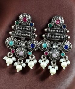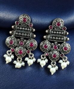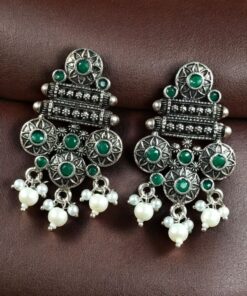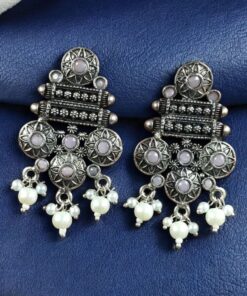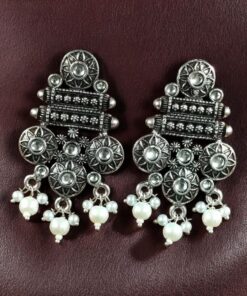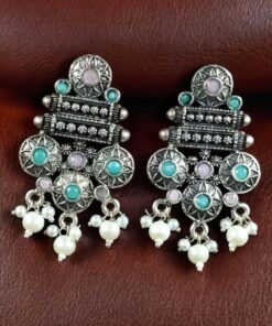 Elegant Flower Design Earrings | German Silver Pearl & Stone Work Perfect Jewelry for Women
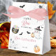 Send guests home with a spook-tacular treat! This Halloween favour box with pink accents, a playful ghost, and festive pumpkins is the perfect party detail. Inspired by the joy of fall celebrations, it adds sweetness and charm to your baby shower while keeping goodies stylishly wrapped.
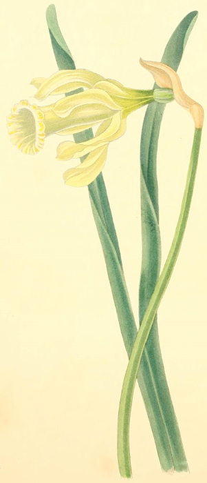This plant is one of the least common and most beautiful of the genus, and is remarkable for the peculiar delicacy of its colour. It is a native of Spain, and was introduced into this country about the year 1759. It requires a light rich soil; and, like all other bulbs, ought only to be removed when the leaves decay. The plant grows from twelve to sixteen inches high, and flowers in April. The genus Narcissus is a very numerous and beautiful one, and affords a delightful variety. Some of the most ornamental are
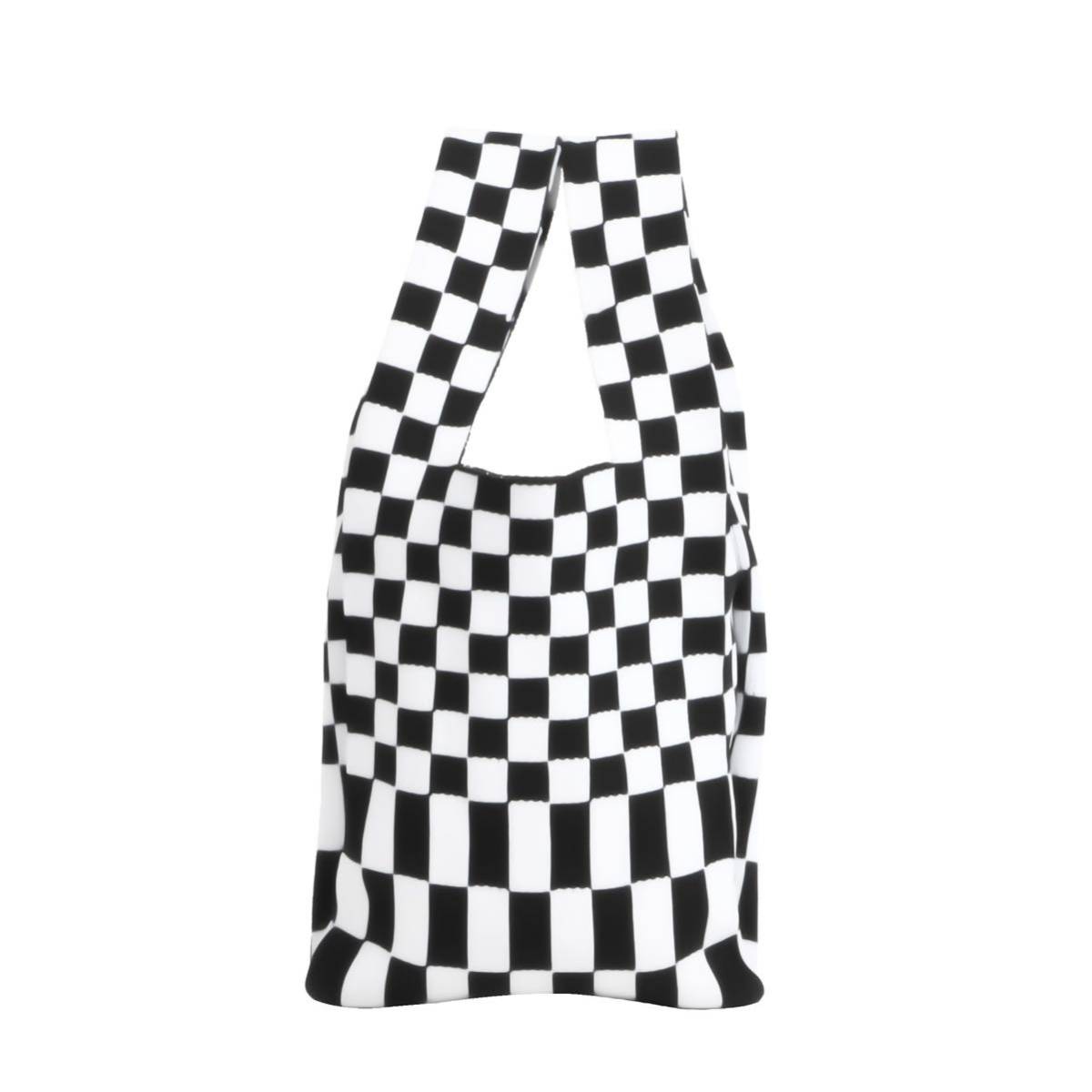 - ニットバッグ トートバッグ ホワイト×ブラック トート ブロックチェック 少し大きめ エコバッグ トートバッグ
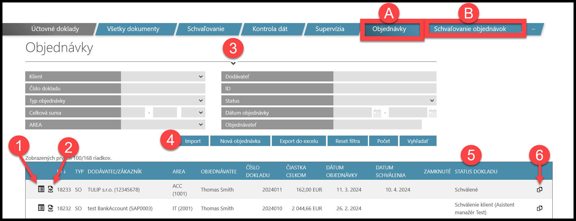- Karta Schvaľovanie objednávok – vidíte iba objednávky čakajúce na vašu akciu.
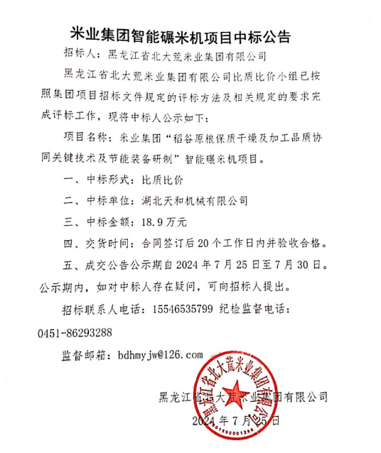 米業(yè)集團“稻谷原糧保質(zhì)干燥及加工品質(zhì)協(xié)同關(guān)鍵技術(shù)及節(jié)能裝備研制”智能碾米機項目中標公告
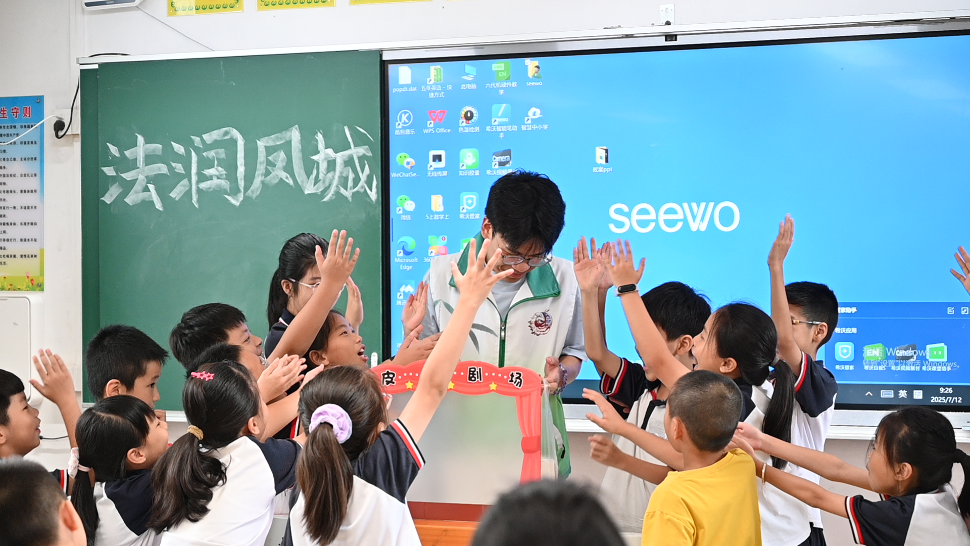 潮州7月16日电(通讯员 肖卓然) 春光小学礼堂的射灯骤然亮起,十岁男孩陈嘉铭手中的铁枝木偶"关羽"突然刀柄滑脱!全场倒抽冷气的刹那,佛山大学"法润凤城"实践队员一个箭步上前,三根钢线在指尖灵巧翻飞,坠落的青龙偃月刀竟在半空划出惊虹弧线——这场潮州铁枝木偶非遗传承课,以惊心动魄的"救场"拉开序幕。30名小学生的瞳孔里,三百岁的木偶正借青春之手重获新生。
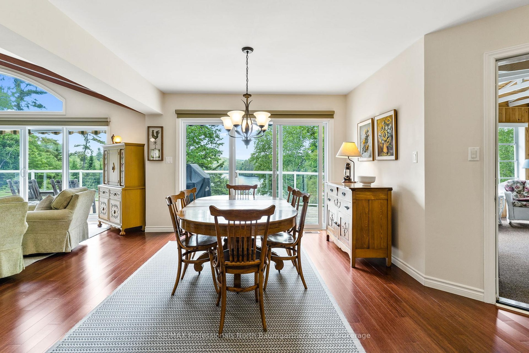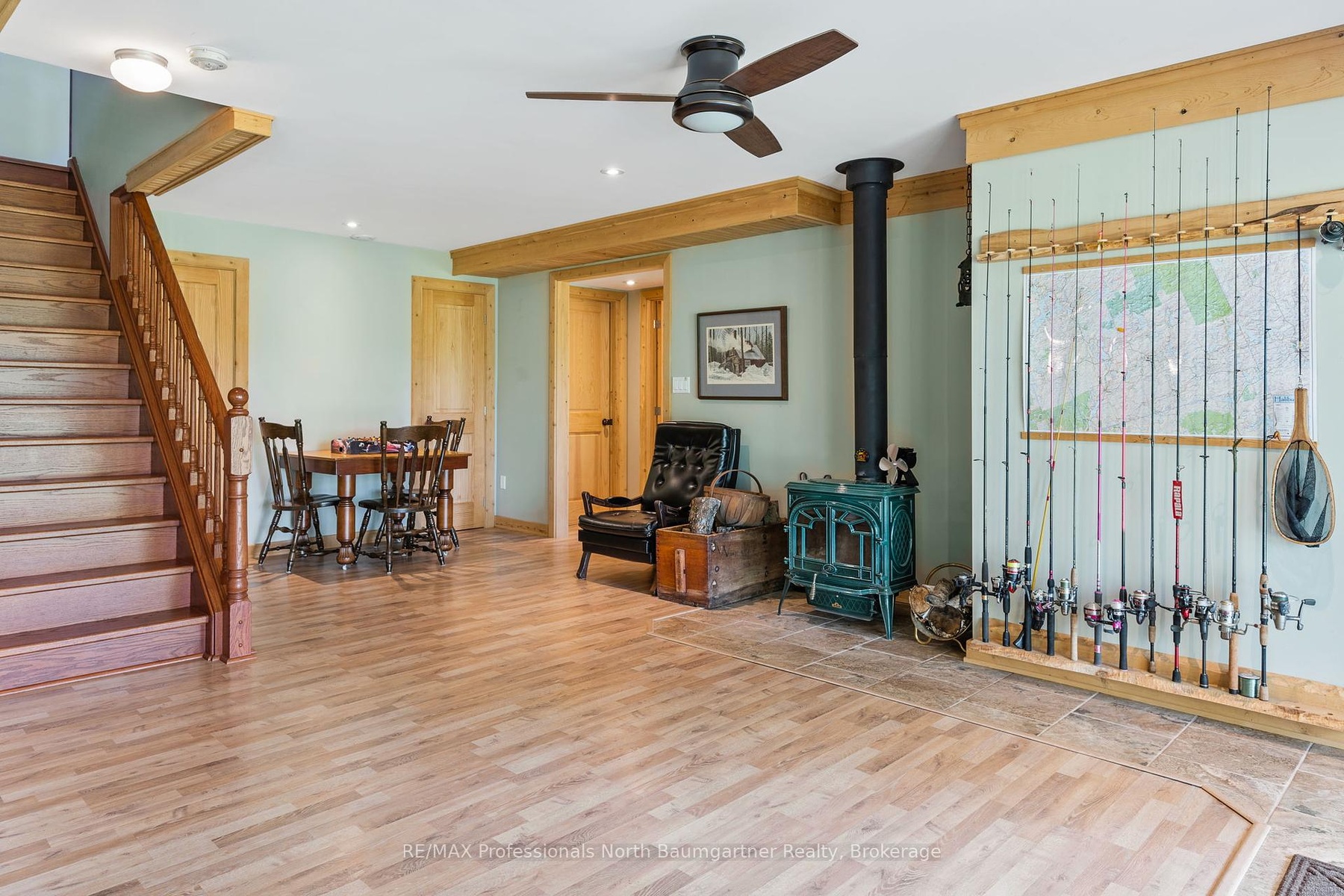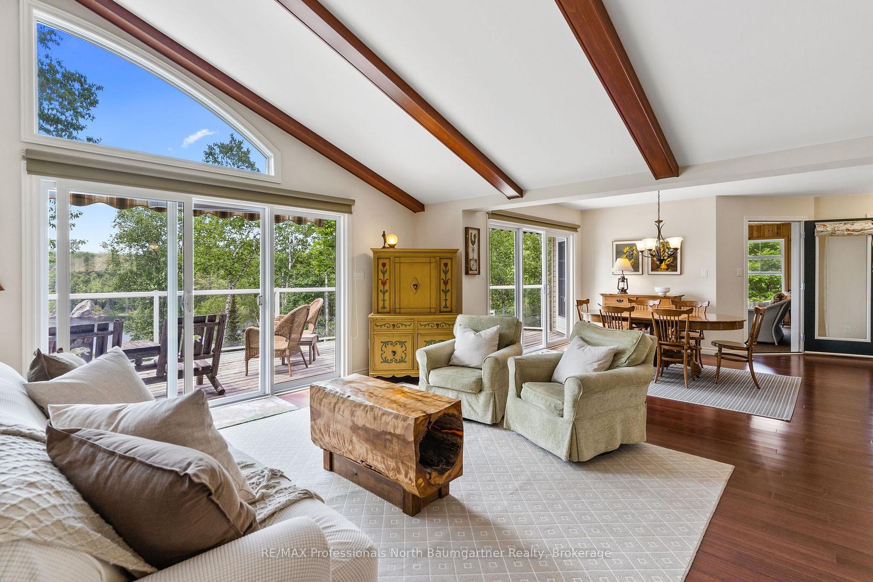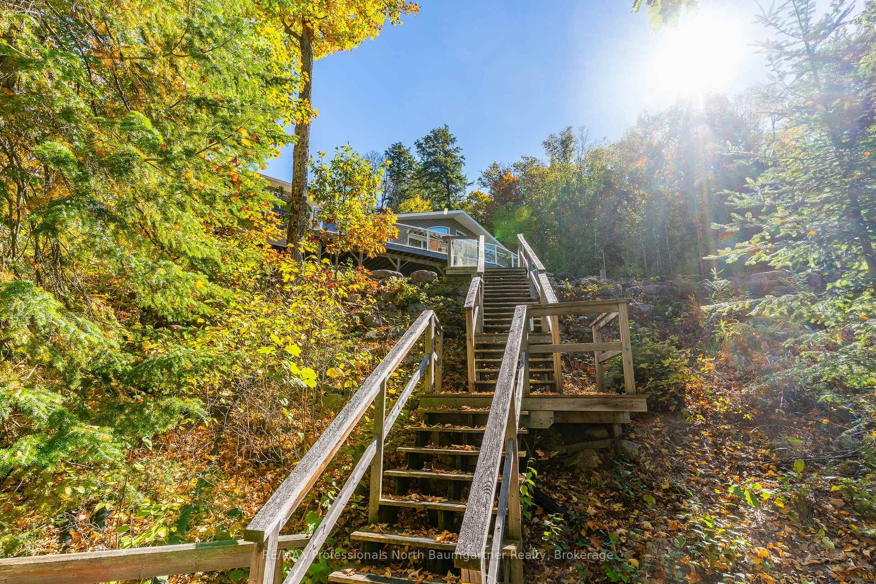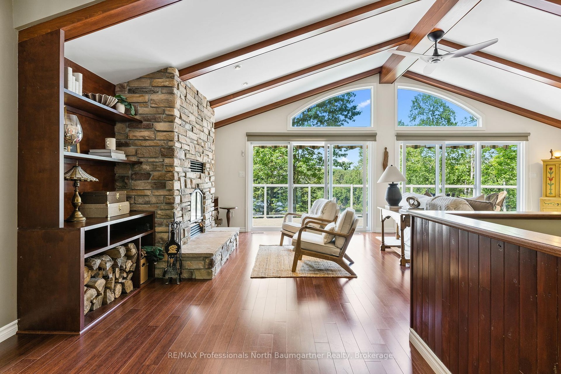 Imagine owning 3500 sq ft of living space on 45.53 acres of Haliburton Forest and 520 ft of water frontage. Wake each morning to the whisper of wind through towering trees and Growler Lakes mirror surface reflecting the morning light. This isn't just a cottage; it's your gateway to life at nature's pace, where every sunset paints the sky. Wildlife roams freely and mature trees stand guard. Autumn brings crimson and gold, winter creates a snow-covered wonderland, spring awakens with birdsong, and summer invites lake adventures. Currently under a Managed Forest Plan, this land can be your legacy. The lake is ideal for morning swims, afternoon paddle boarding, and evening kayaking. The substantial 40-foot dock is perfect for diving, fishing, or simply enjoying coffee while loons call across the water. The thoughtful layout of this 5-bedroom, 4-bathroom home balances comfort with connection. A great room anchors each level. The open-concept kitchen features quartz countertops and backsplash, with breakfast bar seating. A window-walled 3 season porch captures views of natural surroundings and serves as alternative dining space. Each bedroom is generously sized, offering personal retreats. Two 44-foot lake-facing decks create multiple outdoor living areas. The upper deck features glass paneling and an electric awning and the lower one stays naturally shaded, perfect for escaping summer heat. An Opel low-emission fireplace and Napoleon wood stove provide warmth and ambiance. The west-facing orientation delivers spectacular sunsets every day so you can watch the sky transform from blue to pink to orange to purple, painting the lake in changing colors for your own private daily show. This isn't just a cottage; it's the setting for the life you want to live. Host memorable gatherings, create family traditions, and discover the peace that comes with owning a piece of paradise. Your escape is waiting. Welcome home to Growler Lake.
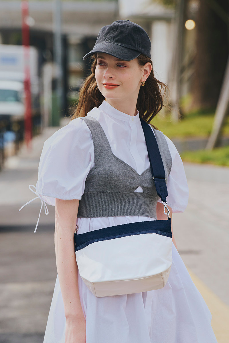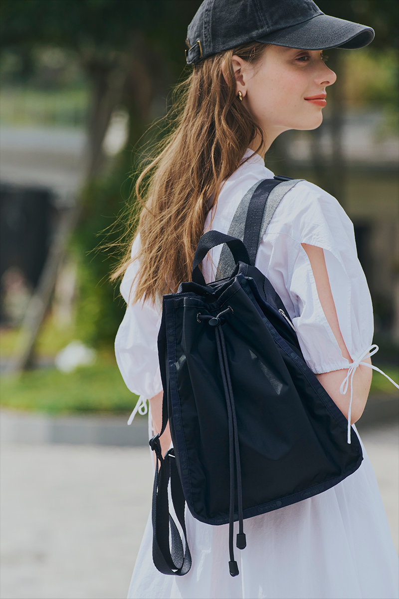 トレンドのミニバックパックは、クリーンなホワイト「メレンゲ」で爽やかな印象に。
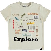 Raymont är en bomulls t-shirt i bruten vit med många budskap i olika stilsorter. Det är både tryckt och broderad text.
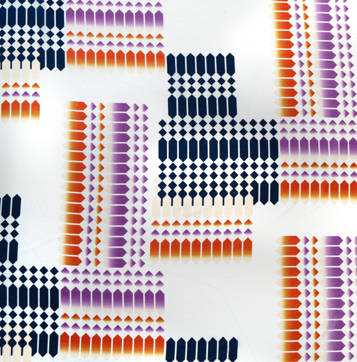 Talianska hodvábna a bavlnená batiste tkanina s farebnými, geometrickými vzormi na krémovom pozadí.
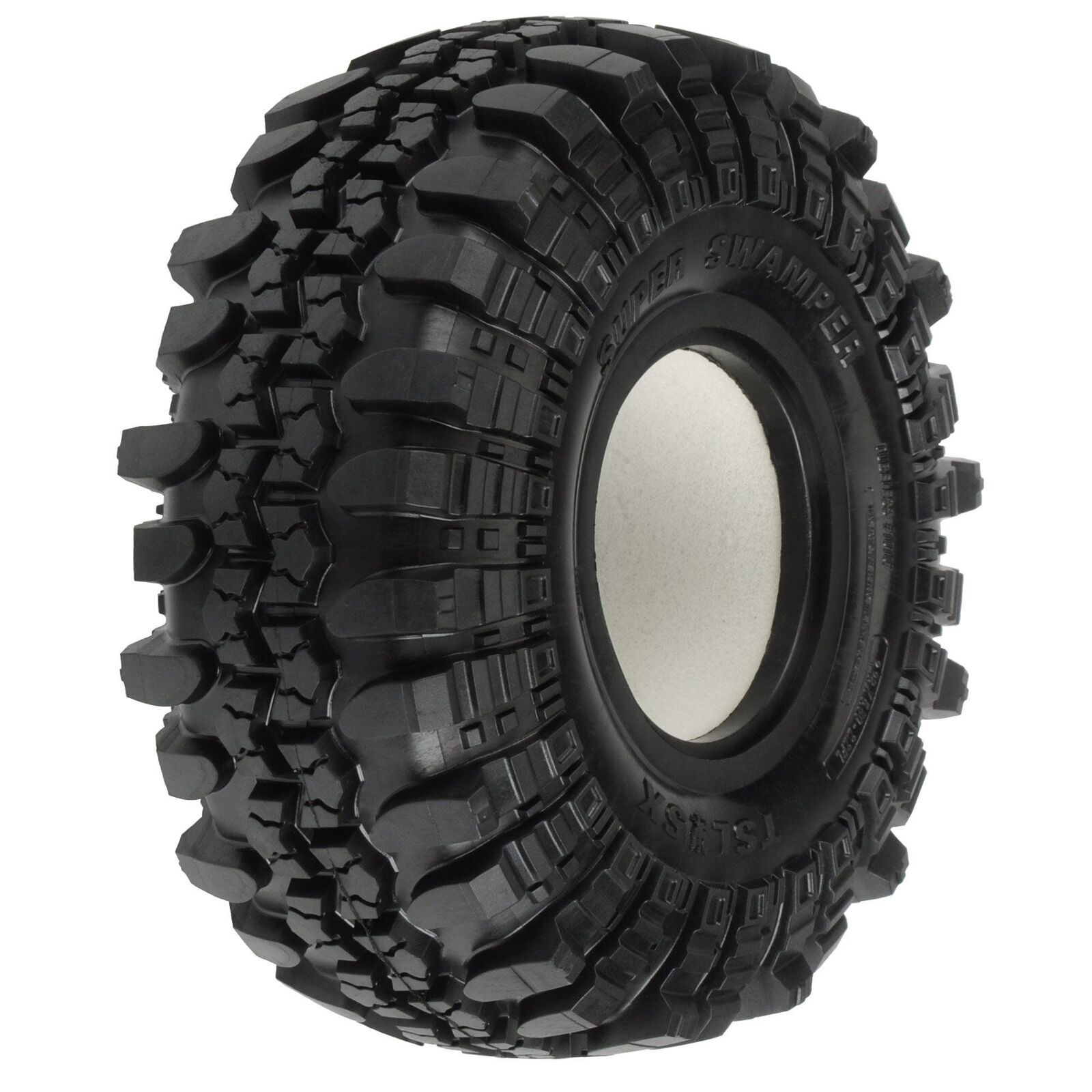 This is a pair of Super Swamper XL 2.2" Tires. Under official license from Interco Tire Corporation, Pro-Line is proud to announce the 2.2" TSL SX Super Swamper XL in the legendary G8 compound. With "almost scale"not being acceptable and access to Interco's design data, Pro-Line's engineering staff has reproduced the Super Swamper in a scale configuration matched by none. The new 2.2" XL is perfect for scale crawlers that want maximum ground clearance and unmatched rock crawling performance.

■ ABOUT THIS TASK
Only the lines from the start of the material through the line containing "Send guests home" should be transcribed. Pictures stay out.

■ SOLUTION FOR THIS EXERCISE
 Elegant Flower Design Earrings | German Silver Pearl & Stone Work Perfect Jewelry for Women
 Send guests home with a spook-tacular treat! This Halloween favour box with pink accents, a playful ghost, and festive pumpkins is the perfect party detail. Inspired by the joy of fall celebrations, it adds sweetness and charm to your baby shower while keeping goodies stylishly wrapped.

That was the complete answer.